Coccyx Fractures
Tailbone Injury | Coccydynia
Coccyx Injury Types
Critical Must-Knows
- Mechanism: Direct fall onto buttocks (sitting position). Childbirth. Repetitive trauma.
- Diagnosis: Clinical history and examination. X-ray confirms fracture/dislocation.
- Treatment: Conservative in vast majority. Cushion, NSAIDs, PT.
- Coccydynia: Persistent coccygeal pain. May require injections or, rarely, coccygectomy.

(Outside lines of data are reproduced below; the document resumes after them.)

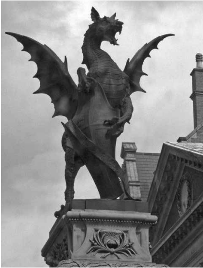
317. ábra: Repülő hüllő, ahol a City of London találkozik a templom negyeddal, amit a szomszédos Templomos Lovagok egyházzal neveztek el.

beszélgetőtársam levegő után kapkod, és markolja a mellkasát. Azt mondta, hogy nem beszélt arról az élményéről, hogy Heath alakot vált, mert azt gondolta, hogy ez még nekem is örültségnek hangzana. A nő ezután elmondta, hogy a rituálé alatt Heath hüllő-entitássá változott. Végül teljes testű hüllő lett, két lábnyit nőtt méretben – mondta. Az alakváltásban a méretnövekedés nagyon gyakori tulajdonság, és arra utal, hogy az egyik energia-információforrásról egy másikra váltanak, amiben más információkódok vannak. Azt mondta, hogy Heath enyhén pikkelyes volt, nagyrészt normálisan beszélt, bár olyan volt, mintha messziről beszélt volna (mint amikor régi telefonokkal beszéltem tengeren túlra), és a beszédében kis késés volt. Oly sokszor meséltek nekem ilyen történeteket, miközben az emberek és a média azt gondolja, hogy ezeket biztos kitalálom Nem. Ez tényleg megtörténik.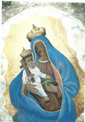
Antico affresco (III sec. d. C.) di S. Maria dell'Adonai che si venera nell'eremo omonimo presso Brucoli (SR)

Domanda: Siamo abituati a pensare alla Madonna come una donna, ma in realtà ci puoi parlare della sua natura spirituale?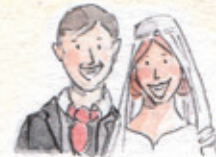
das Hochzeitspaar bride and groom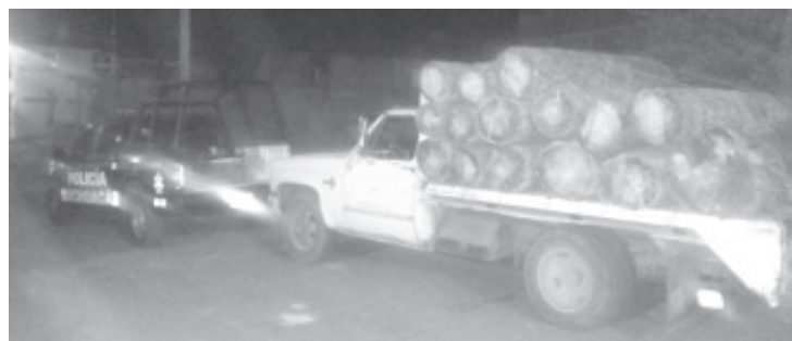
Sobre el libramiento norte de esta ciudad personal de SSP detuvo a dos con una carga de trozos de madera ilegal.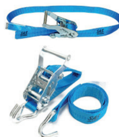
Abb. 6

Für eine zusätzliche Befestigung eignen sich Zurrgurte. Diese gibt es in verschiedenen Varianten und von verschiedenen Herstellern.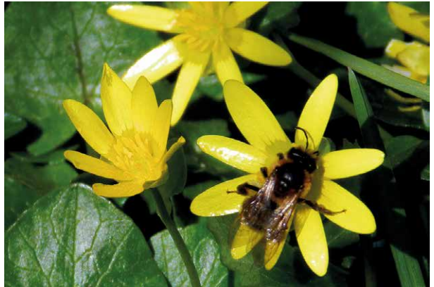
Abb. 21 Die Blüten des Scharbockskrautes produzieren reichlich Pollen und Nektar und werden häufig von Schmetterlingen, Bienen und anderen Insekten besucht. Trotz Bestäubung der zwittrigen Blüten kommt es bei der heimischen Unterart kaum zur Ausbildung reifer Früchte.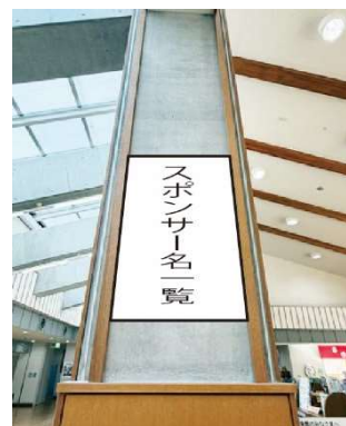
スポンサーボードの設置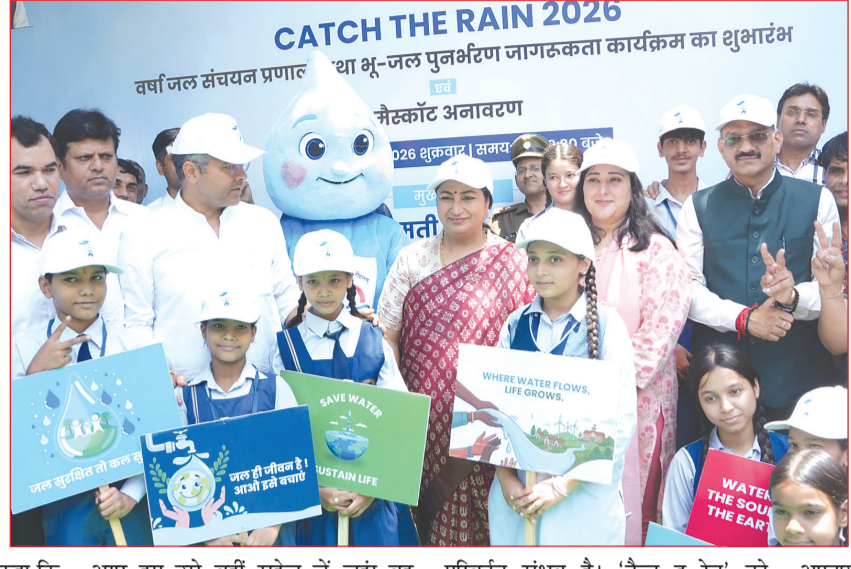
अगर हम उसे वहीं सहेज लें जहाँ वह गिरती है, तो दिल्ली की जल स्थिति में बड़ा परिवर्तन संभव है। 'कैच द रेन' को अभियान नहीं बल्कि जन स्वभाव बनाएं।

- Prognosis: Most resolve in 4-12 weeks. Small subset develop chronic pain.
Examiner's Pearls
- "Most coccyx fractures are managed conservatively.
- "5F: Female, Fat, Forty, Fall, Fracture (risk factors for coccyx injury/coccydynia).
- "Dynamic lateral X-ray (Sitting vs Standing) can assess mobility.
- "Coccygectomy is reserved for refractory coccydynia.
Clinical Imaging
Imaging Gallery



Coccyx Fracture Pitfalls
Missed Other Injuries
Fall Assessment. A fall onto buttocks can also cause sacral fractures, vertebral compression fractures. Complete assessment.
Chronic Pain
Coccydynia. 10-20% develop chronic pain. Warn patients. May need injections or surgery.
Don't Order Routine X-ray
Limited Utility. X-ray often not needed if history is clear. Clinical diagnosis.
Surgery is Rare
Coccygectomy. Reserved for truly refractory cases after 6-12 months of failed conservative treatment.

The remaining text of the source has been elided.